The Praying Mantis - Number One in My Books

The praying mantis is one of the most fascinating creatures I've ever had the pleasure of encountering and handling. Their looks are alien, yet they can also be sleek and graceful. On top of all that, with their five eyes (2 compound and 3 simple), spiky forearms and ability to camouflage themselves in their environment - they make quite the formidable predator. Yet harmless to man. My kind of critter!!

I spent a lot of time this past summer trying to find a praying mantis, but found nary a one. Yes, I really do go searching for insects. I think I'll have to do more investigating as to where the best places to find these fascinating insects are. So far, since being in Barrie, I have only had the pleasure of finding 3 praying mantises. This summer will be my 5th summer here....that's not a very good success ratio! I am optimistic that this Spring and Summer will make up for the praying mantis shortfall I'm experiencing!! If at first you don't succeed, try, try, try, try again... right??!!!

Juicy Tidbits:

* Praying mantises are predatory insects that are superior hunting machines. They hunt not only insects, but also snakes, lizards, birds, frogs... and even rodents.

* They are masters of camouflage (which explains why they are so hard for me to find!)

* Praying mantises can fly

* They are carnivores, and the female is known for cannibalizing the male mantis during or immediately after mating.

* Birds and bats are two common predators of the praying mantis.

* The egg case of the praying mantis is called an ootheca.

I believe the only type of praying mantis I've found is the European Mantid (Mantis religiosa). These can be easily identified by a large black spot located on the inside of its forelegs.
Want to know more? Check out some of these websites....

Wednesday, January 6, 2010

Cicadas: One of my favourite insects....

Pronounced "si-Kay-duh", these are one of my top three insects for sure. Cicadas are heard more often than they are seen. At least that's been my experience. These insects (the males actually) make a loud pitched "buzzsaw" noise from high in the treetops. This is their mating call. I remember hearing these noises as a child and thinking that that was the noise the power made as it travelled through the power lines.
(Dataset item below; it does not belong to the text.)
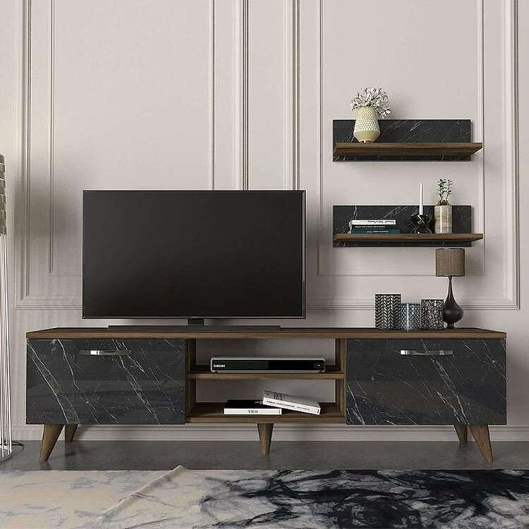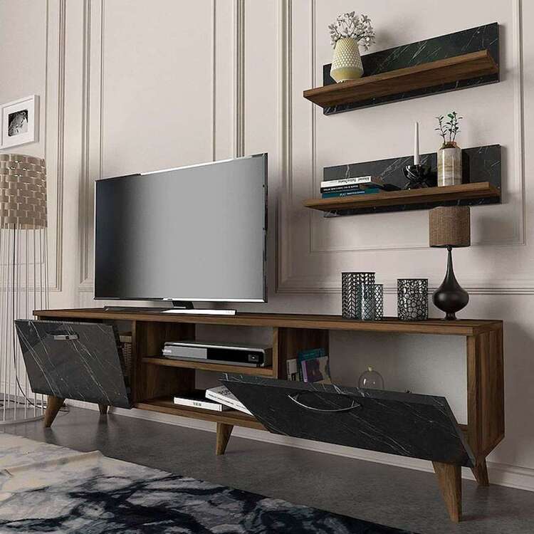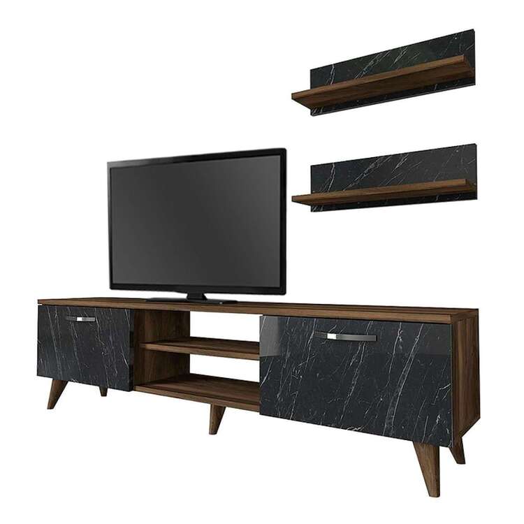 Objevte luxusní obývací stěnu, která spojuje eleganci ořechového dřeva s noblesou mramoru. Tato sofistikovaná sestava je navržena tak, aby zdůraznila rafinovanost a přepych vašeho obývacího pokoje.

My first visual introduction to these creatures occured only 7 years ago while at a friend's cottage in Pictou County, Nova Scotia. Here we found one drying it's wings on the tire of our car after molting. It was the most amazing insect I'd ever seen. I couldn't believe how big it was, how long its wings were, and loved its big bulging eyes. I had to know more... There are so many incredible things about this insect, so I'll try not to bore you. Here are some Juicy Tidbits that you may enjoy...

* Most cicadas have a lifecycle of about 2 - 5 years, but others, specifically the North American genus, Magicicada, has a lifecycle of 13 to 17 years.
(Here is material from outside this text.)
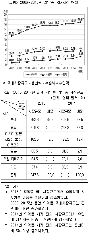 다음 <그림>과 <표>는 연도별 의약품 국내시장 현황과 세계 지역별 의약품 시장규모에 관한 자료이다. 이에 대한 <보기>의 설명 중 옳은 것만을 모두 고르면?

* Cicadas live most of their life underground as a nymph. When ready, it tunnels to the surface, and molts on nearby plants or trees, emerging as a winged adult. The empty skins are left behind (these are called exuvia).
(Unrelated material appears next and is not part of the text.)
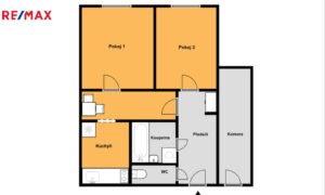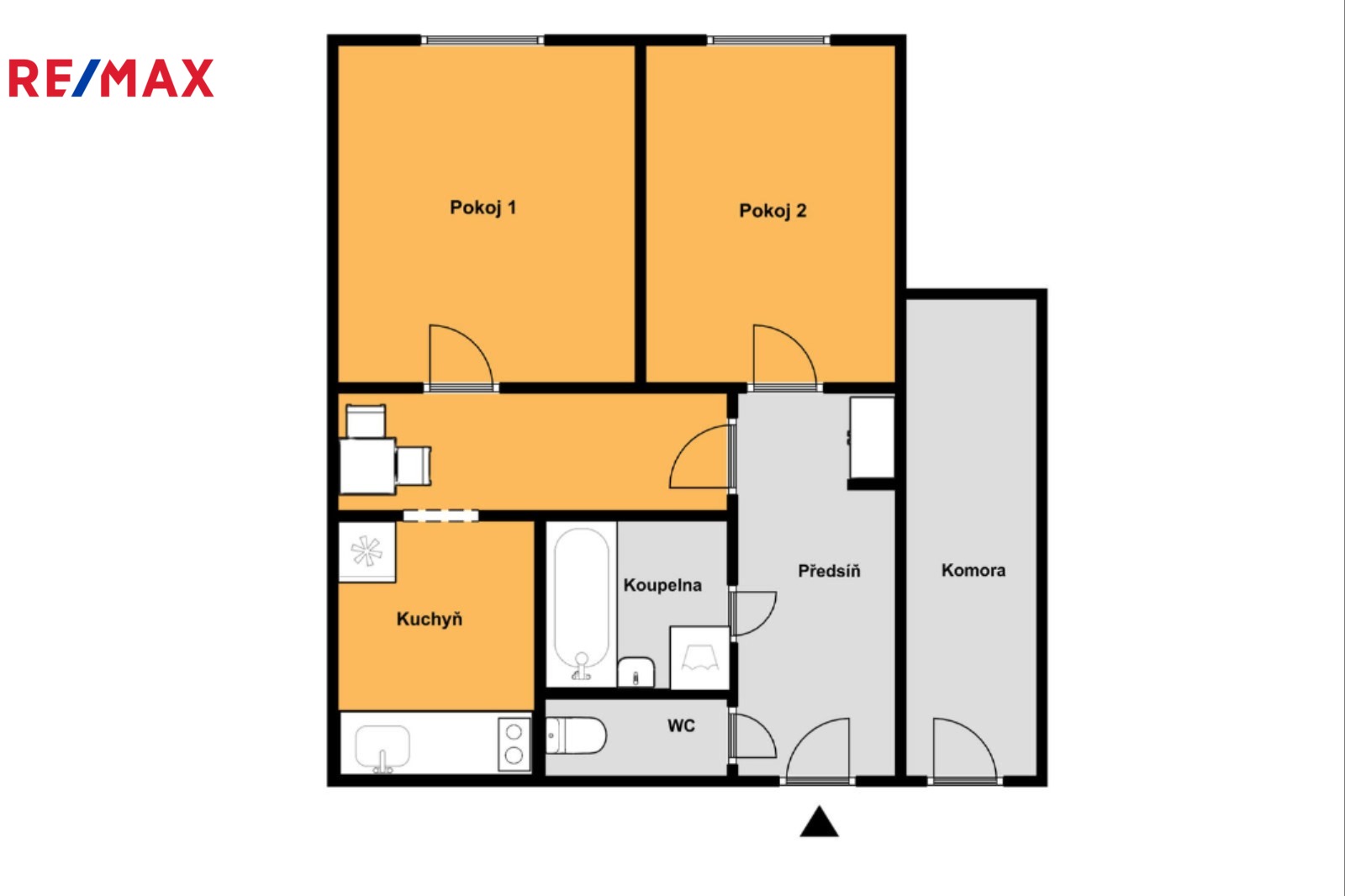 Dispozici bytu tvoří obývací pokoj (16,4m2), samostatná ložnice (10,28m2) oba pokoje orientovány na západ. K bytu patří komora se samostatným vchodem, o výměře 5,11m2, která je umístěná hned vedle vstupní předsíně bytu a lze ji jednoduchou stavební úpravou připojit k bytu.

* There are 166 species of cicada throughout Canada and the United States.

* The Magicicada species in southern U.S.A. has a lifecycle of 13 years, but a 17 year lifecycle in northern states of the eastern U.S. These cicadas are also known to have a mass emergence, with upwards of 1.5 million cicadas emerging per acre!!

* Females can lay over 600 eggs.

* Apparently, cicadas can make a fine meal, and in some countries are considered a delicacy.

In February of 2009, my husband and I went to Thailand with a group of friends. When we arrived at our villa in Phuket, I was astounded at what I heard. The entire jungle was singing with cicadas. It was almost deafening. And then all of a sudden, it would end. I tried to write down the cycles of the cicada song - trying to see if they always started or stopped at a certain time of day, but a pattern never really stuck out. I didn't really matter though... it still sounded amazing. Now if only I could see one!! Fortunate for me, our villa had an amazing live-in cook/maid named Sarn. Not only did she clean up after us and make us amazing meals, but she even climbed a tree one day while we were at the beach, and caught me a cicada. How amazing! I still feel bad that I didn't give her some extra money for that... something I kept meaning to do, but never got around to it. I guess I'll have to pay it forward instead.